VF Corp: The premier outdoor brand
Outdoor coalition leading the way: North Face and Timberland both are considered the premier outdoor and outdoor lifestyle brands globally. With only less than 10% market share of the $25b outdoor market, North Face is poised for market share expansion by leveraging its global distribution and riding on the back of growing interest toward outdoor sports, in particular from Asia, where revenue CAGR is expected to reach 24% for the next five years. Timberland has further upside to market share expansion as the largest outdoor lifestyle brand, especially in the non-sports footwear market where it only has 2%. Finally, the division is also well hedged against the shift towards online purchase by building their own direct-to-consumer channels, which accounts for 20-30% of total sales.
Margin expansion story on track: Management expects gross margin to reach 49.5% by FY17 (vs. 47% now) on the back of distribution channel mix between wholesale, retail and ecommerce. Furthermore, I expect margin expansion to be driven by VFC's pricing power due to quality and brand premium in the outdoor apparel market.
Conclusion: At 20x FY14E consensus earnings and 18x next year's earnings vs. sector average of 21x/20x FY14/15E, VFC is a solid company to own on its strong portfolio of outdoor brands. While North America and Europe continue to have solid prospect, Asia will have the most upside due to lack of leading outdoor apparel brand, allowing the North Face and the Timberland brands to capture a meaningful market share in the region.
Lululemon: Near-term weakness presents a buying opportunity
Attractive M&A play: As a niche player that caters to mostly women's sportswear market, LULU has an attractive M&A value to the bigger players who are looking to enter the fast growing yoga apparel segment. LULU's positioning as a premier women's athletic brand and a casual fashion brand is unquestionable.
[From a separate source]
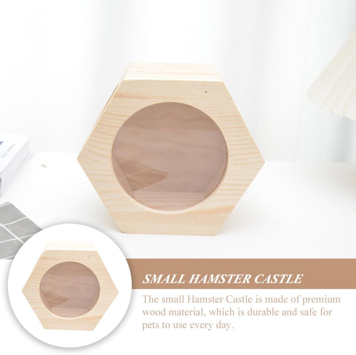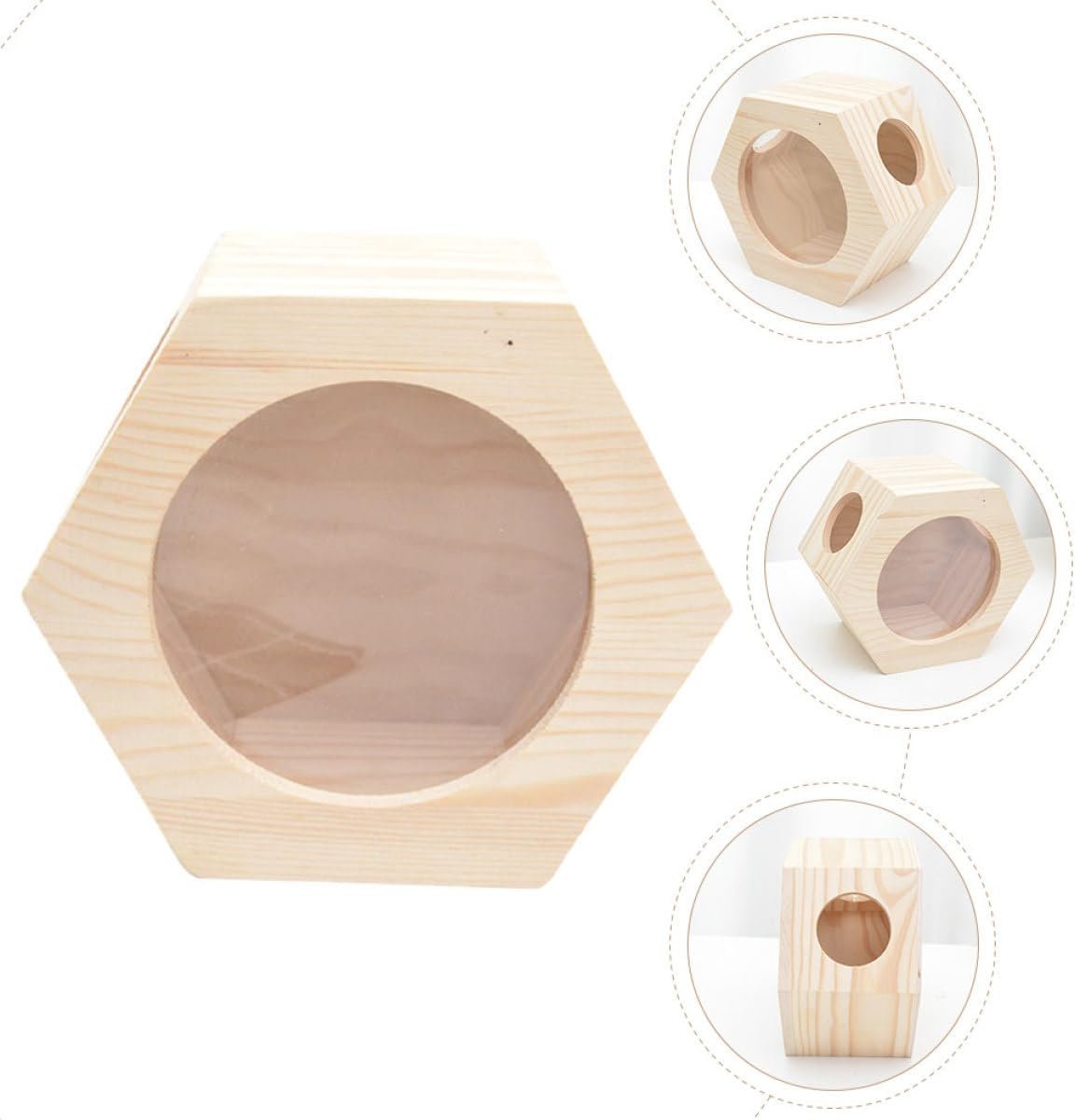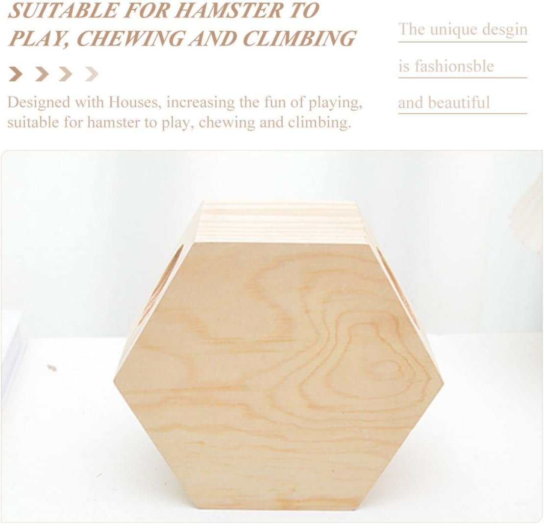 Das Hamsterhaus aus Holz unterscheidet sich von anderen Geschäften durch das Material, das für das Versteck der Tiere verwendet wird. Dieses dreidimensionale, sechseckige Hamsterhaus besteht aus einer Kombination von Kiefernholz und transparentem Acrylglas.

Larger players such as Adidas or VFC could leverage their global distribution and LULU's superior product to capitalize on the fast growing yoga segment. The product recall, the recent management changes and the softer forecast already pushed LULU's valuation to its 2009 level, which I believe makes LULU an attractive takeover target. While competition has certainly heated up in the yoga apparel segment, investors should know that LULU will continue to profit from the high-end segment that places a greater emphasis on quality more than price. Remain positive on the stock due to M&A play.
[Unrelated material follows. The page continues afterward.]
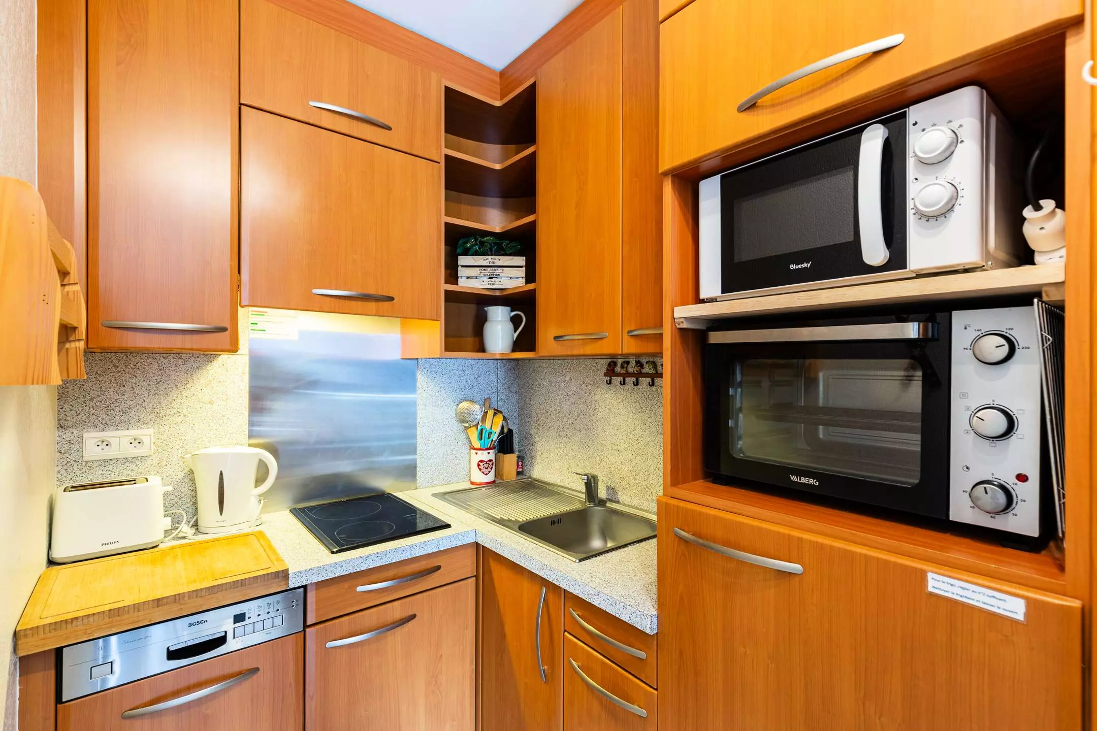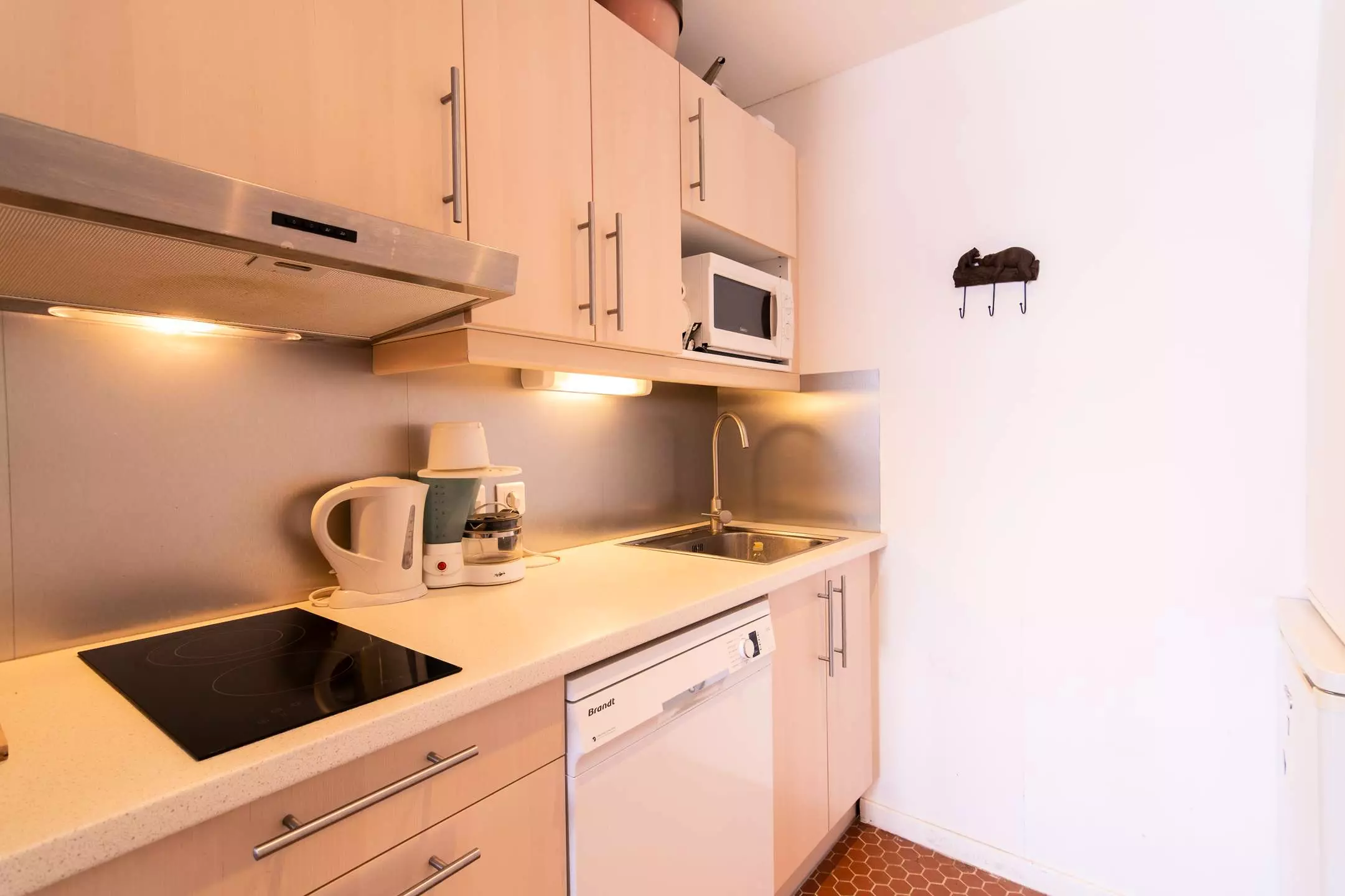 Cuisine ouverte, moderne et entièrement équipée : plaques vitrocéramiques, four, lave-vaisselle, congélateur, vaisselle et ustensiles complets

Menswear and international rollout to drive next leg of growth: LULU expects to accelerate its menswear rollout after seeing encouraging growth and feedback from customers. Management expects $1b opportunity for menswear and will create a new store layout to accommodate the men's section. To promote menswear, I expect LULU to leverage word of mouth and fitness centers, which initially helped LULU to expand its presence and brand. Looking ahead, international markets, in particular the emerging markets, offer the most attractive growth potential as the high-income female population begin to participate in fitness classes and demand quality sportswear that is both comfortable and attractive.
Conclusion: At 21x FY14E consensus, LULU is trading on par with the sportswear sector group but offers the most compelling M&A option for investors. Even if M&A does not materialize, menswear rollout and the gradual overseas expansion continue to offer investors a solid growth story. Remain overweight on the name.
Disclosure: The author has no positions in any stocks mentioned, and no plans to initiate any positions within the next 72 hours. The author wrote this article themselves, and it expresses their own opinions. The author is not receiving compensation for it (other than from Seeking Alpha). The author has no business relationship with any company whose stock is mentioned in this article.